[Extracted records]
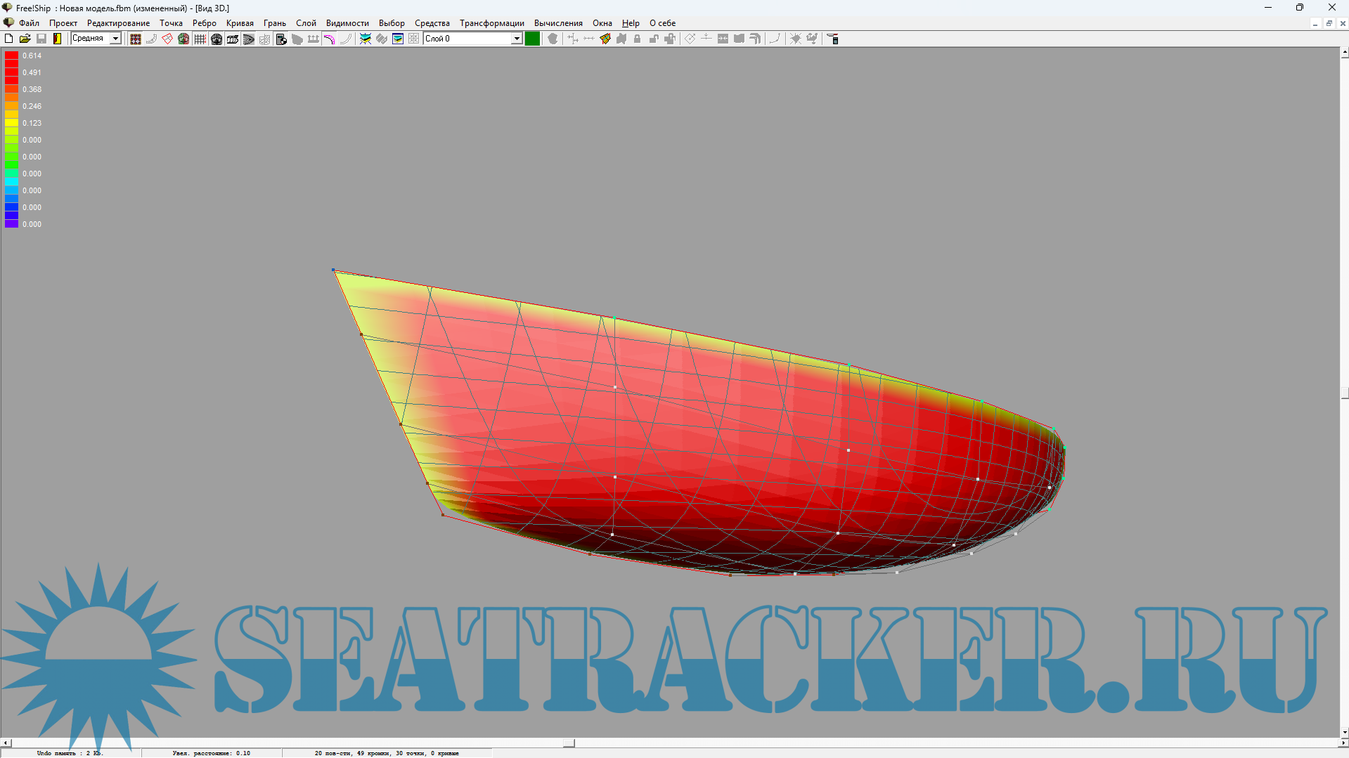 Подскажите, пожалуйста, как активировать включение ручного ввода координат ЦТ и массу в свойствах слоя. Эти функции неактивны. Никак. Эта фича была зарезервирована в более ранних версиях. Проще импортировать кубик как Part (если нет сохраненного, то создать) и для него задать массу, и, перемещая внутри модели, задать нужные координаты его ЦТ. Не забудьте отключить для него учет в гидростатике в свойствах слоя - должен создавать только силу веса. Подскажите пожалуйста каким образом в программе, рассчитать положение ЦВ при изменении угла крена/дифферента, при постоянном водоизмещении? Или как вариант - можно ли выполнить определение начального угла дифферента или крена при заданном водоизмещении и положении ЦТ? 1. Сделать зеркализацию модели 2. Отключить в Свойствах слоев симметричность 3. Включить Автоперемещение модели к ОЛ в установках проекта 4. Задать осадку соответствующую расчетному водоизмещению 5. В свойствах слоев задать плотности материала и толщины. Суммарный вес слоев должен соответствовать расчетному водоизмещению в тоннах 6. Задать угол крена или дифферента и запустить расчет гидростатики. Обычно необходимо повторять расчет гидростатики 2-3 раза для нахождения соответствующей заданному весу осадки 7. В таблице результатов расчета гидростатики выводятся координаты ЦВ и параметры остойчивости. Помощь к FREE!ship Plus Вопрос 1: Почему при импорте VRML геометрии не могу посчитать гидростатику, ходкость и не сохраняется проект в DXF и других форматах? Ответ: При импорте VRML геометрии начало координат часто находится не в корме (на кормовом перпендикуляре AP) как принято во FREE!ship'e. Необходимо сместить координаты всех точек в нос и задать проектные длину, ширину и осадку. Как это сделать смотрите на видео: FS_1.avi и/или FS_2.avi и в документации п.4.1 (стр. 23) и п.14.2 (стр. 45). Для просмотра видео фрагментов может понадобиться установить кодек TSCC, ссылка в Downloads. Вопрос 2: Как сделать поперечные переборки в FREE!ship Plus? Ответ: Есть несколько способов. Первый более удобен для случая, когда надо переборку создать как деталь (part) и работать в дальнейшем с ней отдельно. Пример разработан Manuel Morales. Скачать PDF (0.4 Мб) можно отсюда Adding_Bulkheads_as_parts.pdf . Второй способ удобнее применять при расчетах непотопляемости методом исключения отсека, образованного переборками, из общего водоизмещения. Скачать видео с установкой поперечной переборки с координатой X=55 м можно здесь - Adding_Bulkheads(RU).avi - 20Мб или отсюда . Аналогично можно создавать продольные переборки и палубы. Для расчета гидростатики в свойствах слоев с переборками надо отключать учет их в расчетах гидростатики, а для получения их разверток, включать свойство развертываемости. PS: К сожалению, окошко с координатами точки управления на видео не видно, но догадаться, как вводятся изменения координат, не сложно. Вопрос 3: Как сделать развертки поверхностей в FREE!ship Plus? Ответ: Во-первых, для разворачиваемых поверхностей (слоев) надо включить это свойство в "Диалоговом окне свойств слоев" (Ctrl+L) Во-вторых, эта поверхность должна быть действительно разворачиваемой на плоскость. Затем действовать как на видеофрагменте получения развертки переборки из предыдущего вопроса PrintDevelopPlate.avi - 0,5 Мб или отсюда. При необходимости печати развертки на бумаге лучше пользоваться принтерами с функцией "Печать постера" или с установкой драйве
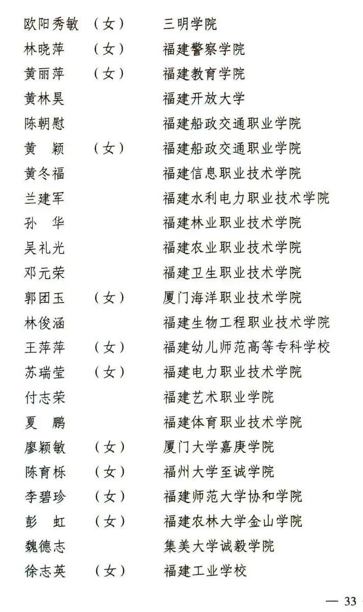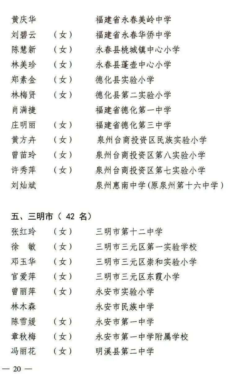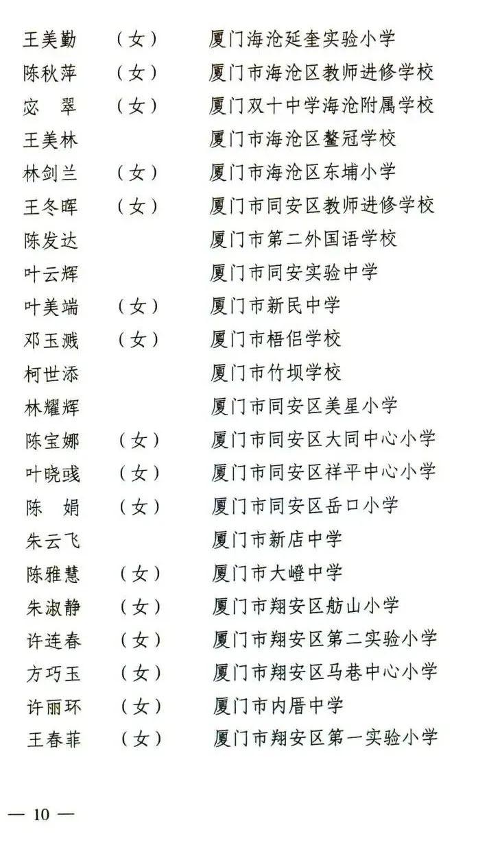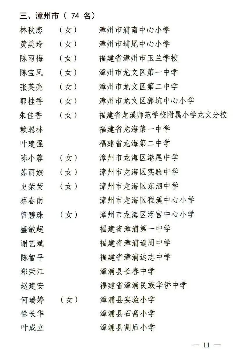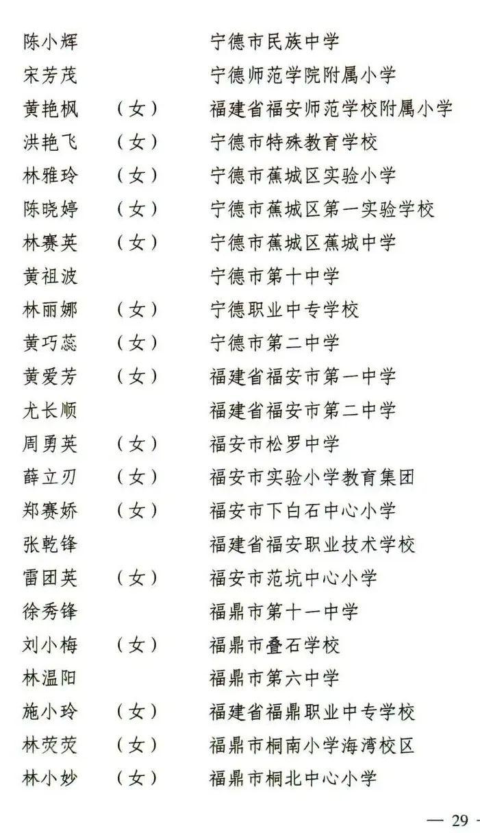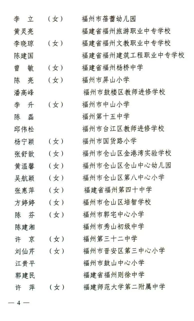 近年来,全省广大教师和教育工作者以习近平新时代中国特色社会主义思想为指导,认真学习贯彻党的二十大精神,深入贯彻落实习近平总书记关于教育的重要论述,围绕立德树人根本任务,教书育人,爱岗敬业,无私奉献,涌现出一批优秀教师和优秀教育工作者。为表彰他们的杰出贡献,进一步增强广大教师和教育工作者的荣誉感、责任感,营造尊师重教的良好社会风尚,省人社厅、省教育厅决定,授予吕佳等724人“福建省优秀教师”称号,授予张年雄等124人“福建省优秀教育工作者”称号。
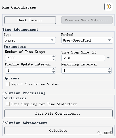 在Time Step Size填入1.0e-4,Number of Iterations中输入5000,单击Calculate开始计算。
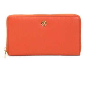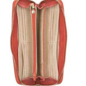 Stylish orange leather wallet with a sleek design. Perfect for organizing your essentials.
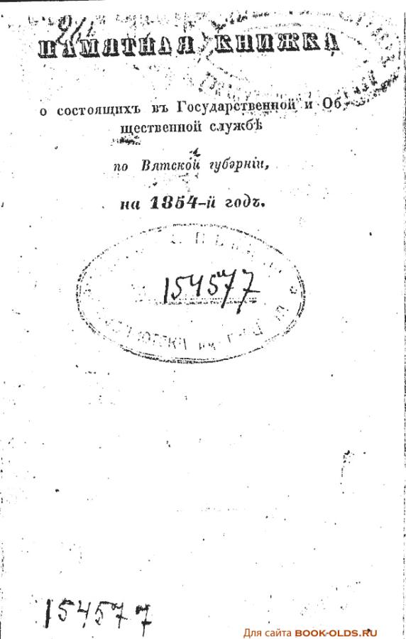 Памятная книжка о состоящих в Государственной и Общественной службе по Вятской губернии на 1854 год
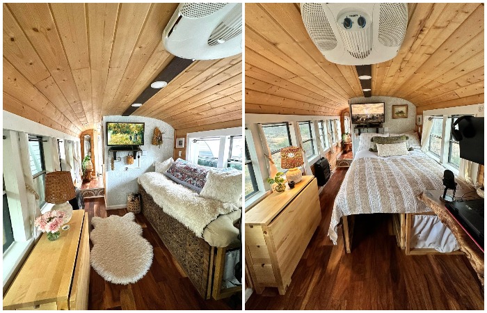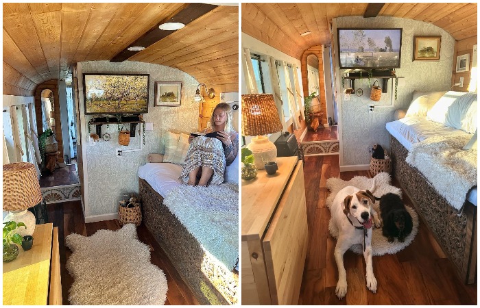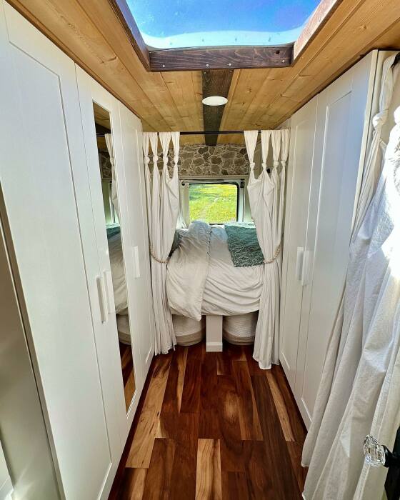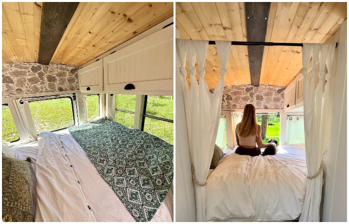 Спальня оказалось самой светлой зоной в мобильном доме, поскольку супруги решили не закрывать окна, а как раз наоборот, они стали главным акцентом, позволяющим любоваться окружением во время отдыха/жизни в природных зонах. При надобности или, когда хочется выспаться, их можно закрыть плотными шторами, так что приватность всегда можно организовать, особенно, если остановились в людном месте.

# ACTION ITEM:
The full data, repeated exactly and stripped of its pictures, is the expected answer.

# ANSWER TO THIS PROBLEM:
 Подскажите, пожалуйста, как активировать включение ручного ввода координат ЦТ и массу в свойствах слоя. Эти функции неактивны. Никак. Эта фича была зарезервирована в более ранних версиях. Проще импортировать кубик как Part (если нет сохраненного, то создать) и для него задать массу, и, перемещая внутри модели, задать нужные координаты его ЦТ. Не забудьте отключить для него учет в гидростатике в свойствах слоя - должен создавать только силу веса. Подскажите пожалуйста каким образом в программе, рассчитать положение ЦВ при изменении угла крена/дифферента, при постоянном водоизмещении? Или как вариант - можно ли выполнить определение начального угла дифферента или крена при заданном водоизмещении и положении ЦТ? 1. Сделать зеркализацию модели 2. Отключить в Свойствах слоев симметричность 3. Включить Автоперемещение модели к ОЛ в установках проекта 4. Задать осадку соответствующую расчетному водоизмещению 5. В свойствах слоев задать плотности материала и толщины. Суммарный вес слоев должен соответствовать расчетному водоизмещению в тоннах 6. Задать угол крена или дифферента и запустить расчет гидростатики. Обычно необходимо повторять расчет гидростатики 2-3 раза для нахождения соответствующей заданному весу осадки 7. В таблице результатов расчета гидростатики выводятся координаты ЦВ и параметры остойчивости. Помощь к FREE!ship Plus Вопрос 1: Почему при импорте VRML геометрии не могу посчитать гидростатику, ходкость и не сохраняется проект в DXF и других форматах? Ответ: При импорте VRML геометрии начало координат часто находится не в корме (на кормовом перпендикуляре AP) как принято во FREE!ship'e. Необходимо сместить координаты всех точек в нос и задать проектные длину, ширину и осадку. Как это сделать смотрите на видео: FS_1.avi и/или FS_2.avi и в документации п.4.1 (стр. 23) и п.14.2 (стр. 45). Для просмотра видео фрагментов может понадобиться установить кодек TSCC, ссылка в Downloads. Вопрос 2: Как сделать поперечные переборки в FREE!ship Plus? Ответ: Есть несколько способов. Первый более удобен для случая, когда надо переборку создать как деталь (part) и работать в дальнейшем с ней отдельно. Пример разработан Manuel Morales. Скачать PDF (0.4 Мб) можно отсюда Adding_Bulkheads_as_parts.pdf . Второй способ удобнее применять при расчетах непотопляемости методом исключения отсека, образованного переборками, из общего водоизмещения. Скачать видео с установкой поперечной переборки с координатой X=55 м можно здесь - Adding_Bulkheads(RU).avi - 20Мб или отсюда . Аналогично можно создавать продольные переборки и палубы. Для расчета гидростатики в свойствах слоев с переборками надо отключать учет их в расчетах гидростатики, а для получения их разверток, включать свойство развертываемости. PS: К сожалению, окошко с координатами точки управления на видео не видно, но догадаться, как вводятся изменения координат, не сложно. Вопрос 3: Как сделать развертки поверхностей в FREE!ship Plus? Ответ: Во-первых, для разворачиваемых поверхностей (слоев) надо включить это свойство в "Диалоговом окне свойств слоев" (Ctrl+L) Во-вторых, эта поверхность должна быть действительно разворачиваемой на плоскость. Затем действовать как на видеофрагменте получения развертки переборки из предыдущего вопроса PrintDevelopPlate.avi - 0,5 Мб или отсюда. При необходимости печати развертки на бумаге лучше пользоваться принтерами с функцией "Печать постера" или с установкой драйве
 近年来,全省广大教师和教育工作者以习近平新时代中国特色社会主义思想为指导,认真学习贯彻党的二十大精神,深入贯彻落实习近平总书记关于教育的重要论述,围绕立德树人根本任务,教书育人,爱岗敬业,无私奉献,涌现出一批优秀教师和优秀教育工作者。为表彰他们的杰出贡献,进一步增强广大教师和教育工作者的荣誉感、责任感,营造尊师重教的良好社会风尚,省人社厅、省教育厅决定,授予吕佳等724人“福建省优秀教师”称号,授予张年雄等124人“福建省优秀教育工作者”称号。
 在Time Step Size填入1.0e-4,Number of Iterations中输入5000,单击Calculate开始计算。
 Stylish orange leather wallet with a sleek design. Perfect for organizing your essentials.
 Памятная книжка о состоящих в Государственной и Общественной службе по Вятской губернии на 1854 год
 Спальня оказалось самой светлой зоной в мобильном доме, поскольку супруги решили не закрывать окна, а как раз наоборот, они стали главным акцентом, позволяющим любоваться окружением во время отдыха/жизни в природных зонах. При надобности или, когда хочется выспаться, их можно закрыть плотными шторами, так что приватность всегда можно организовать, особенно, если остановились в людном месте.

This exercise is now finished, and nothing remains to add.